Blue Note Records is releasing a full, expansive edition of jazz trumpeter Lee Morgan’s historic live album Live at the Lighthouse.
It’s the first time that all 12 sets of music the Lee Morgan Quintet recorded during their landmark engagement in Hermosa Beach, Calif., in the summer of 1970 have been presented in one collection.
The quintet featured saxophonist Bennie Maupin, pianist Harold Mabern, bassist Jymie Merritt and drummer Mickey Roker.
“Right from the beginning, we developed such a heart-to-heart connection with each other,” says Maupin. “I think that’s really reflected in what we did.
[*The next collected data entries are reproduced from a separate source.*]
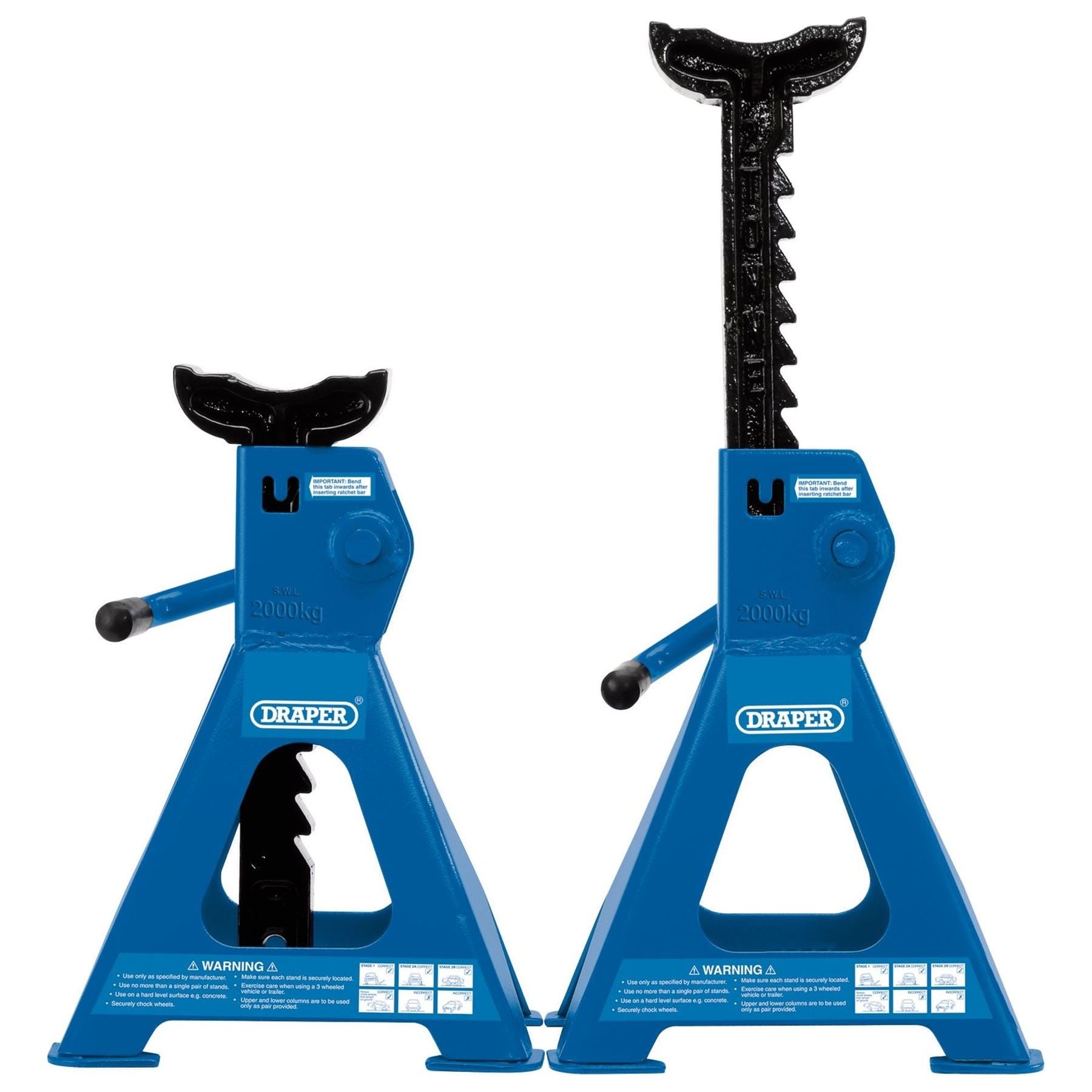 Ratchet - type action. Large saddle (36 x 85mm). Display carton.SpecificationsMinimum height 277mmMaximum height 435mmCapacity (max. per stand) 2000kg (S.W.L.)Capacity...
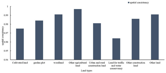 Therefore, the degree of spatial consistency of different types can be obtained by overlaying the data of land-use status in 2015 and the data of general land-use planning of 2020 after the adjustment of the planning in Rongchang District and counting the area of the plots that are not implemented in the planning and are not in line with the planning purpose.
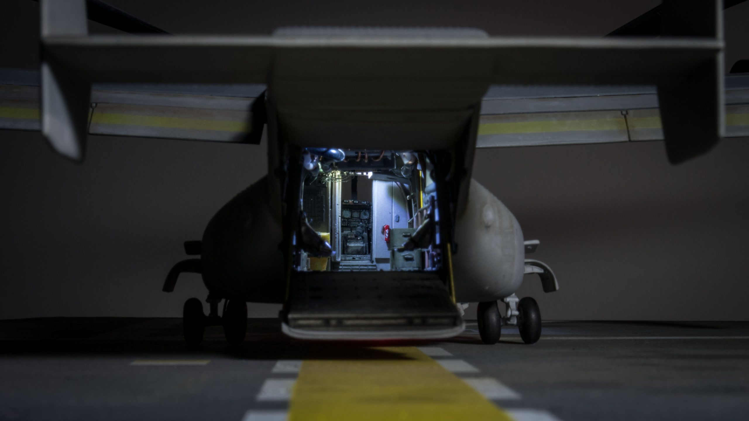 I made some major modifications which took about 300 manhours over 15 months to complete including a detailed interior, internal and external lighting, motorized propellers and additions and changes to the exterior to more closely resemble the actual production aircraft instead of the prototype.
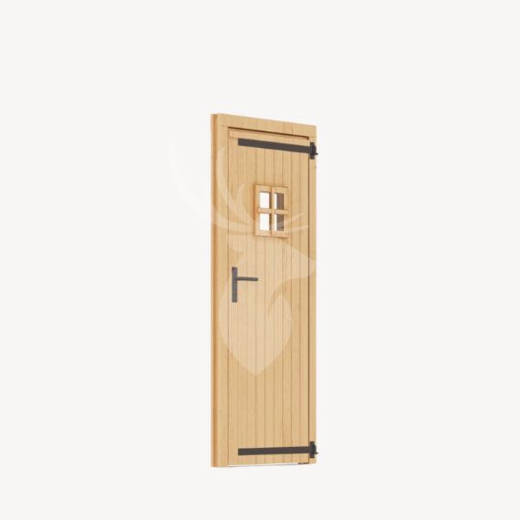Wil je graag op een stijlvolle manier je schuur of tuinhuis afsluiten dan is deze douglas deur met raampje ideaal. Door het kleine formaat van het raam heb je een mooie natuurlijk lichtinval, maar niet teveel inkijk. De deur is gemaakt van geschaafd, blank douglas hout wat kunstmatig gedroogd en gevingerlast is, het resultaat is een prachtige deur van premium kwaliteit! Het beslag is verzinkt en de hengen zijn bovendien verstelbaar. Er wordt een aluminium dorpel van 3 mm hoog bijgeleverd en alle gaten voor de bevestiging en het slot zijn voorgeboord, zo gaat de montage eenvoudiger. Aan de binnenkant heeft de deur een tochtrubber.
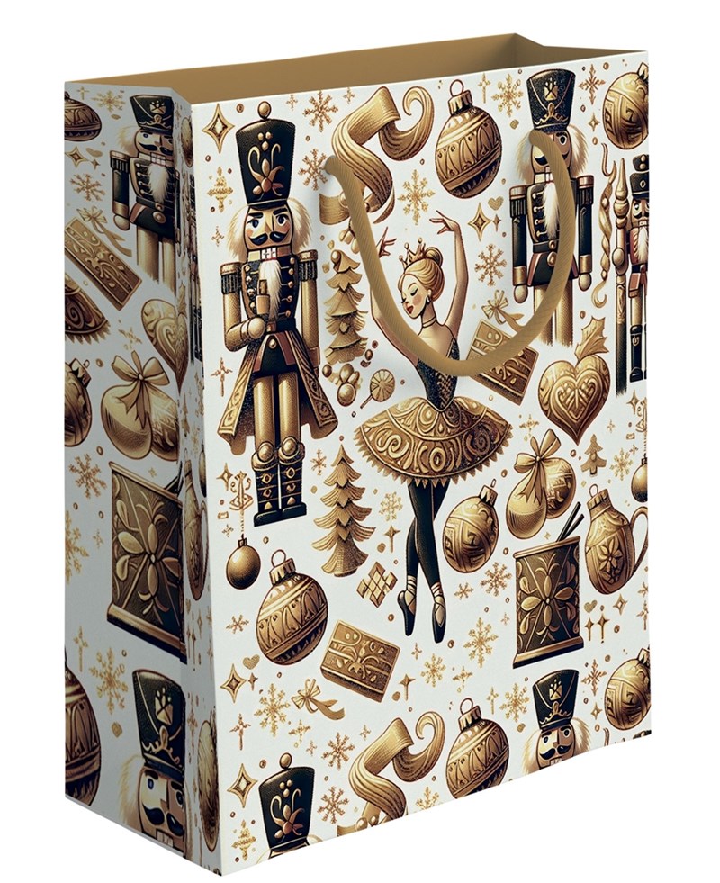 Gavepose X-large i matt utførelse med nøtteknekker-motiv, gullfolierte detaljer og kraftig bomullshåndtak.
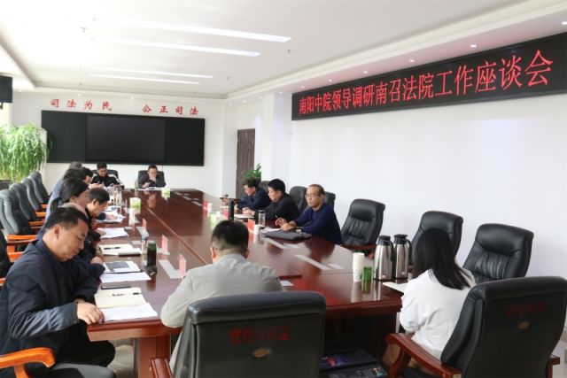 10月7日,南阳市中级人民法院审判委员会专职委员王付令、清算与破产审判庭负责人任万富、环境资源审判庭庭长龚跃伟一行到南召县人民法院调研指导工作并召开座谈会,南召法院领导班子成员及部分部门负责人陪同调研并参与座谈。
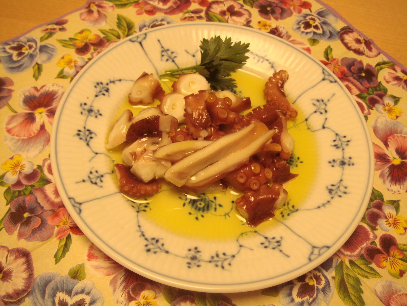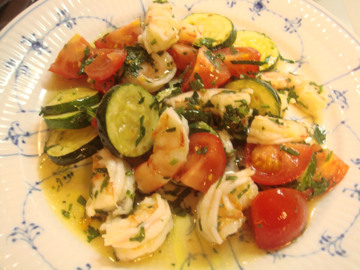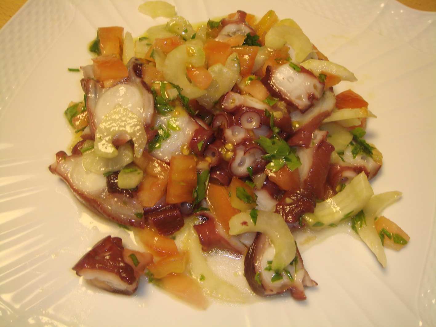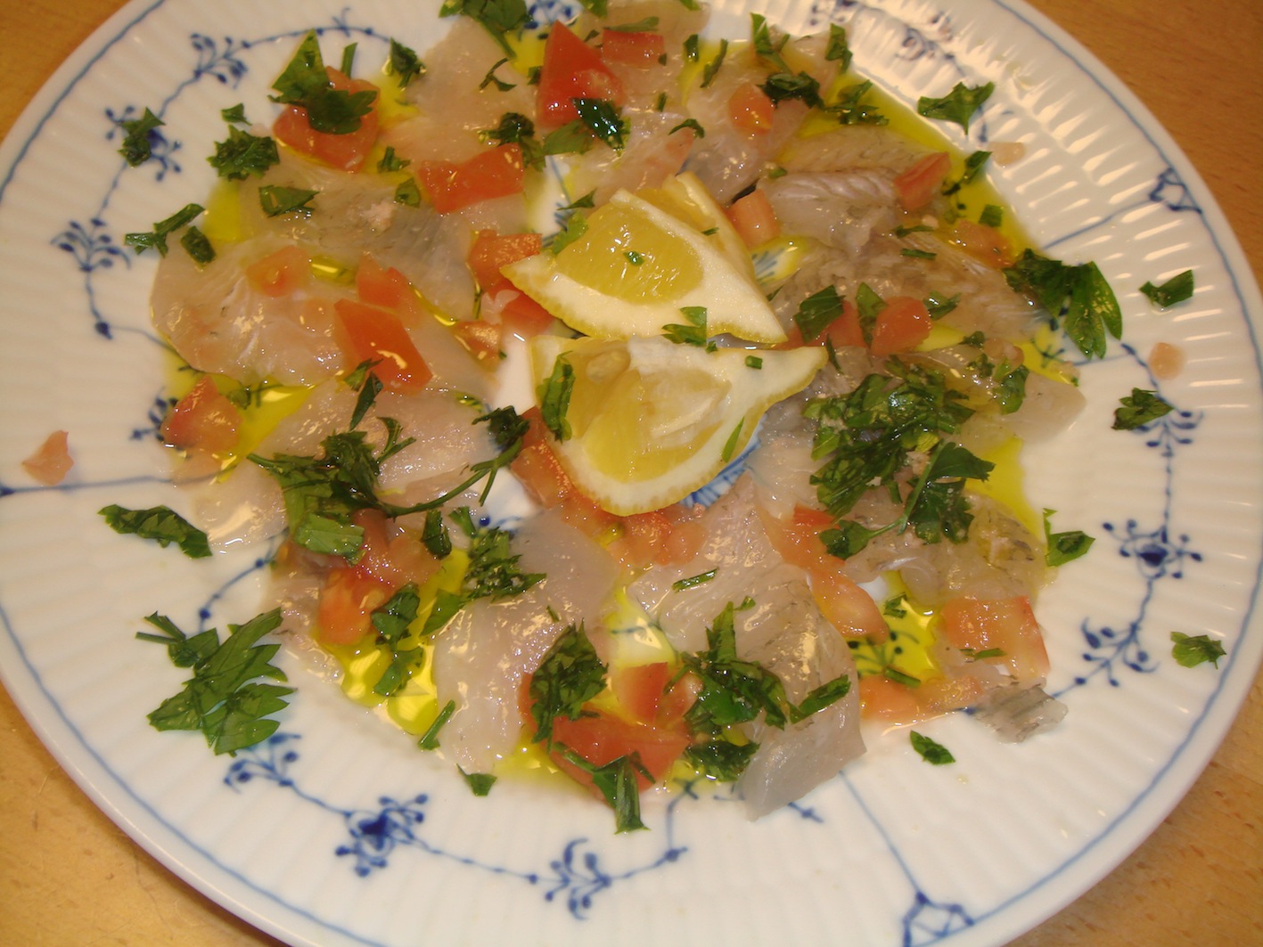 カルパッチョとは、オリーブオイルやレモン、塩などで、魚、野菜などを和えた単純な料理。結局のところ、オリーブオイルの種類が全てを決めるといっても過言でないほど、オリーブオイルの役目は大きい。数あるオリーブオイルの中で僕のお気に入りは次の2種類。特にこのマトライアっていうオイル、凄いです。新宿伊勢丹などで手に入れる事ができます。 そのオイルで作ったカルパッチョがこちら。ズッキーニ 海老 トマトのカルパッチョセロリ タコ トマトのカルパッチョヒラメのカルパッチョこれは僕のオリジナル、豚足のカルパッチョ。柔らかく煮込んだ豚足にクルトン、チーズなどを合わせています。これはただ単にゆでダコにオリーブオイルをかけただけのもの。実はこの料理、最もオリーブオイルの良さがわかる。是非お試しを!こちらは定番の牛肉のカルパッチョ。新鮮なもも肉の固まりを手に入れ、スライスしたもの。それにニンニクのみじん切り、パセリのみじん切り、オリーブオイル、レモン、塩で味付けをしたもの。大量のニンニクもパセリと食べれば匂いは残りません。この料理は美味しいです。オリーブオイルはかなりの量を使います。こちらは、カルパッチョとは言わないのかもしれないけど、タコとポテトを和えたもの。イタリアで出てくるこれらの前菜は本当に美味しい。こちらはレンズ豆。これはまず知っている人が少ない事に驚く。そして食べても不思議な顔をする人が多い。僕の定番料理です。以前はコンソメスープなどで煮て、アーリーレッドやベーコンを加えていたけど、今はただ水から煮込み、塩とオリーブオイルだけで味付けするものや、ラルドと一緒に煮込むことが殆どです。シンプルイズベストですね。写真のレンズ豆はパンチェッタを使っています。これも好みになりますが、殆どのカルパッチョは、僕はイタリアンパセリを散らします。
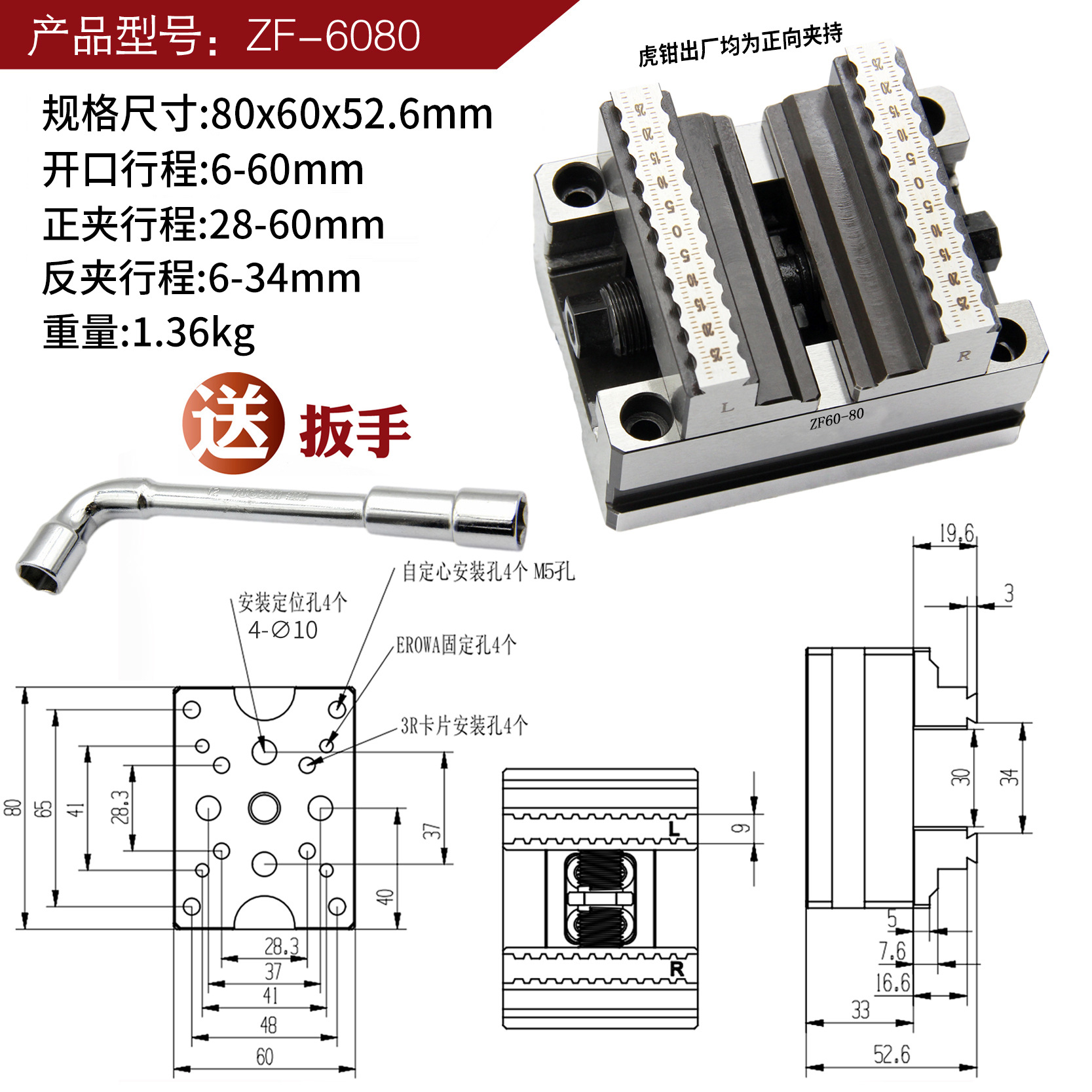 • ZF60-80 셀프 센터링 바이스, 37mm 높이 조절 가능
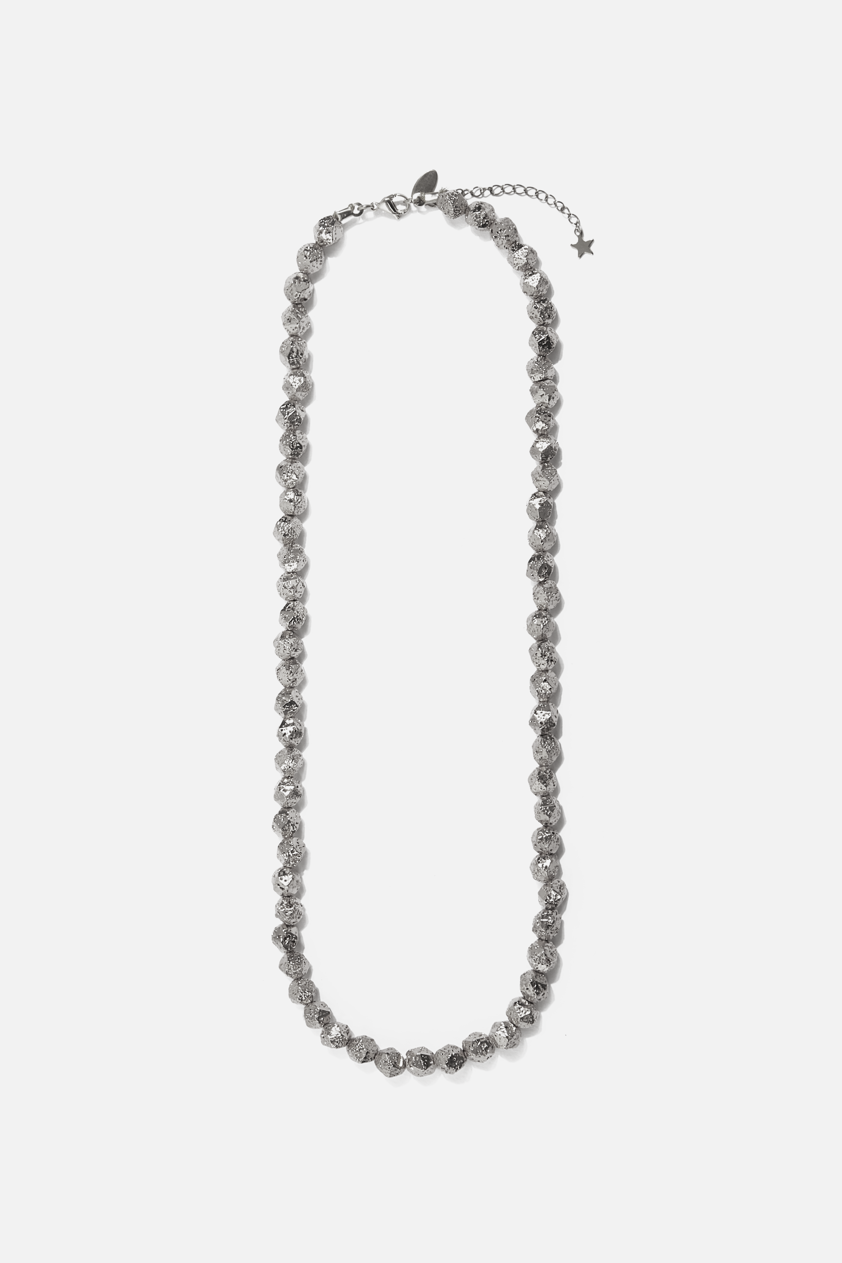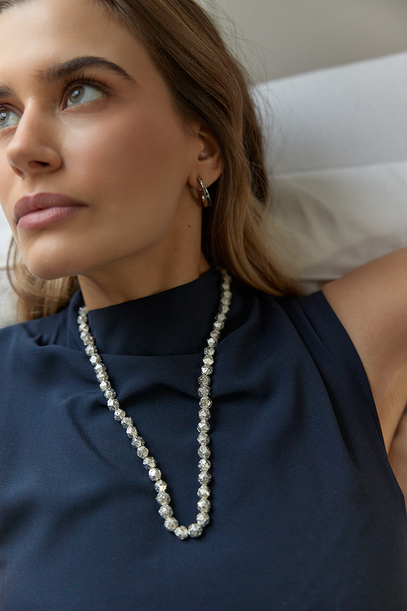 Collar de piedras en plateado brillante.
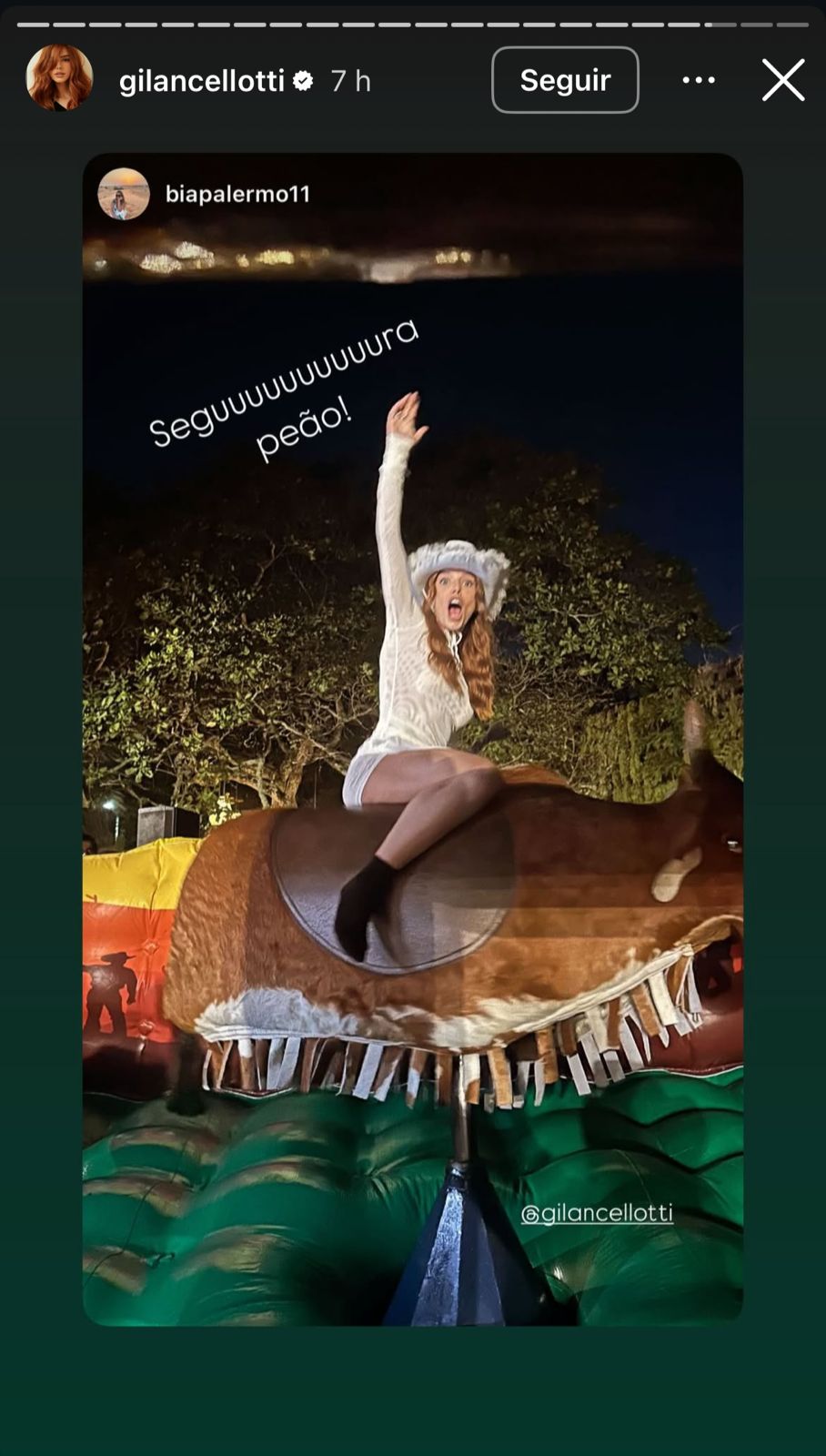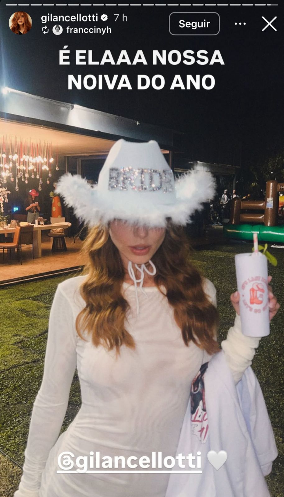 Usando um chapéu de boiadeira personalizado para a ocasião e um vestido branco, Lancellotti foi recebida pelas madrinhas em clima de festa e muita diversão. A programação da festa incluiu competição de shots, máscaras com fotos do noivo e até um touro mecânico, garantindo a animação de convidadas famosas como Fernanda Paes Leme e Cintia Dicker.

It was just about being in the moment and capturing the moment, and we did that.”
“In a sense, it is holy music,” adds Merritt. “And that was the thing I felt throughout the performances at The Lighthouse. This was totally uncompromised music in terms of the way it went down.”
Live at the Lighthouse was originally released 50 years ago as a double-LP. It was later expanded to a three-CD set in 1996.
Produced by Zev Feldman and David Weiss, The Complete Live at the Lighthouse comes as either an eight-CD boxed set or a 12-LP vinyl collection. It encompasses 33 performances, including more than four hours of previously unreleased music.
The boxed sets also include a booklet full of new interviews with Bennie Maupin and the last lengthy interview with Jymie Merritt before his passing last year; essays by Jeffery McMillan, author or Delightfulee: The Life and Music of Lee Morgan, and Michael Cuscuna; statements from Jack DeJohnette, Wallace Roney, Nicholas Payton, Charles Tolliver, Eddie Henderson, Dave Douglas and others; previously unpublished photos by Joel Franklin and Lee Tanner; and a statement from Morgan’s family.
“Live at the Lighthouse probably gives us the clearest picture of where Lee Morgan was headed and, as such, is a record of monumental importance,” says Blue Note president Don Was.
Ahead of the release, Blue Note has shared a previously unreleased version of Mabern’s composition The Beehive.